Twelve-month Gantt chart showing 12 construction phases (design + approvals, excavation, foundation, RCC frame, brickwork, MEP rough-in, plaster, tiling, doors/windows, painting, modular K + wardrobes, snags + OC) with their start dates, durations, and parallelism

Critical Path & The Four Irreversible Transitions

The structural sequence is the critical path. Every floor of RCC needs a 28-day cure before the next can be poured. Plaster needs 21 days before tile-laying. The four transitions where mistakes cost the most: foundation pour (footprint locks in), slab pour (MEP routing locks in), plaster cure (rushed = hollow tiles later), and MEP rough-in before plaster (every conduit position is permanent).

Three rows of dependency boxes showing the critical path — foundation chain (excavation → PCC → footing pour → 28-day cure → plinth/columns), structure to MEP (slab pour → brickwork || MEP rough-in → plaster → cure → tiling), finishes (doors → putty → paint → modular → snags); plus a callout panel listing the four irreversible transitions

India-Specific Calendar — Monsoon, Heat, Festivals

The same 12-month schedule looks very different starting in October vs. starting in April. The October start gets the structural work done in the dry season, plaster through the (helpfully humid) monsoon, and finishes through October-March. The April start hits June-September monsoon during structural pours — concrete strength compromised, brick mortar washing out. Plan around the calendar.
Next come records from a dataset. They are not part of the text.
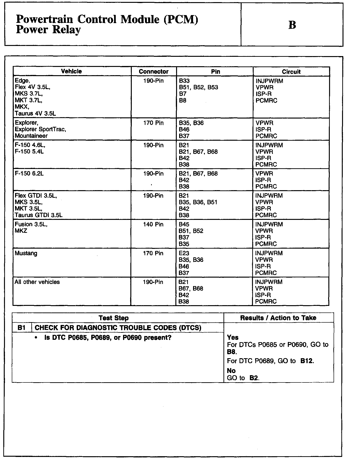 Home >> Ford >> 2010 >> Explorer AWD V6-4.0L >> Repair and Diagnosis >> Powertrain Management >> Computers and Control Systems >> Testing and Inspection >> Pinpoint Tests >> Test B: Powertrain Control Module (PCM) Power Relay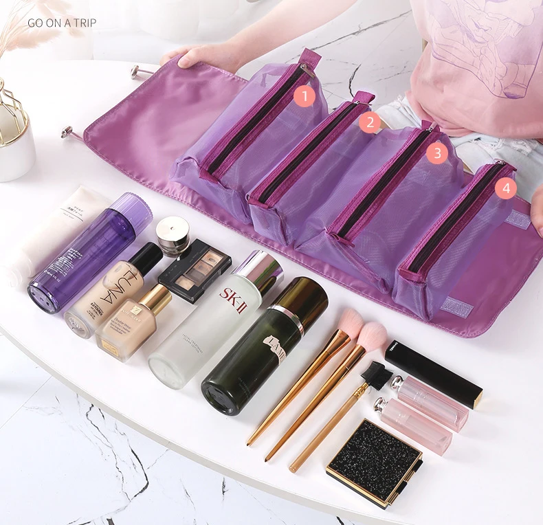 Съемный складной органайзер для косметики 4 в 1, вместительная многофункциональная косметичка для Хранения Туалетных принадлежностей, популярная дорожная сумка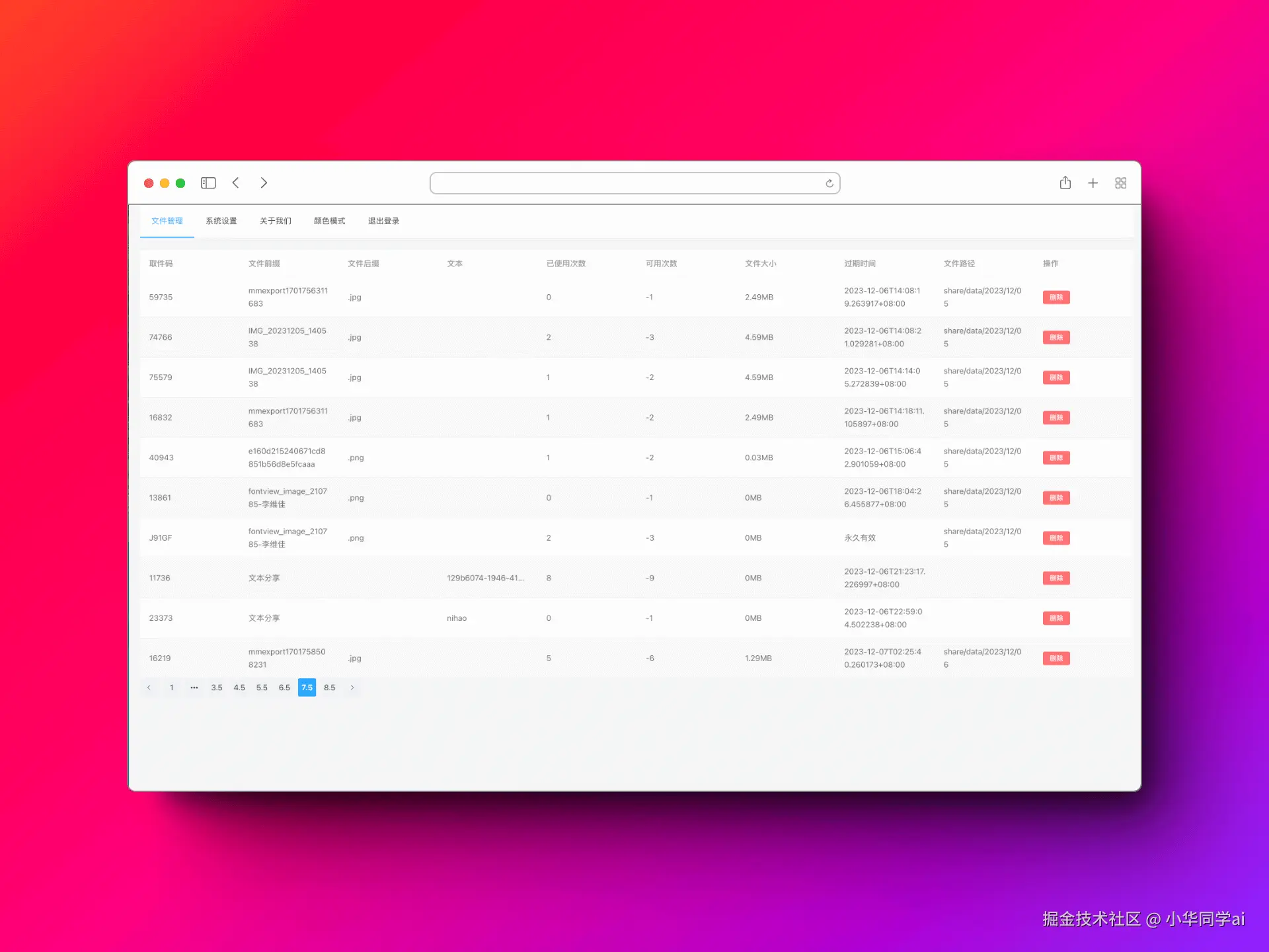 - 文件管理:方便用户对已经上传的文件进行管理,比如查看文件的相关信息、删除不需要的文件等。

Twelve-month calendar grid showing productivity bands (high/good/mixed/low) by month, plus per-activity bands for concrete pours, brickwork, plaster, painting, and labour availability — with festival and harvest blackout markers and strategic schedule planning notes

Five Things That Actually Speed Construction

  • Approve drawings before excavation. Mid-build design changes cost 1-3 weeks each. The architectural drawing set should be 95% locked before the JCB shows up.
  • Book a competent contractor 6-12 months out. Good site supervisors are scheduled far in advance; settling for whoever is available next month tends to slip the schedule by 25-50%.
  • Pay against milestones, not time. Tie payments to verifiable deliverables (slab cured, brickwork complete, plaster done, etc.) — keeps the contractor financially urgent.
  • Order long-lead items at the structural stage. Modular kitchen, premium doors, imported flooring, custom-painted tiles — all have 6-12 week lead times. Order them when you start RCC, not when you finish plaster.
  • Visit weekly, ideally with the architect. Site presence catches errors when they're cheap to fix (right column position, accurate setbacks, MEP rough-in routing). Absentee owners are ~20% slower and ~15% more expensive.

Cross-References

Disclaimer: Timeline estimates are based on typical Indian residential builds with competent contractors and approved drawings. Site-specific factors (soil conditions, neighbouring construction, regulatory delays, labour disputes, supply-chain issues) routinely add 15-30% to baseline estimates. Use this as a planning tool; your actual project will vary.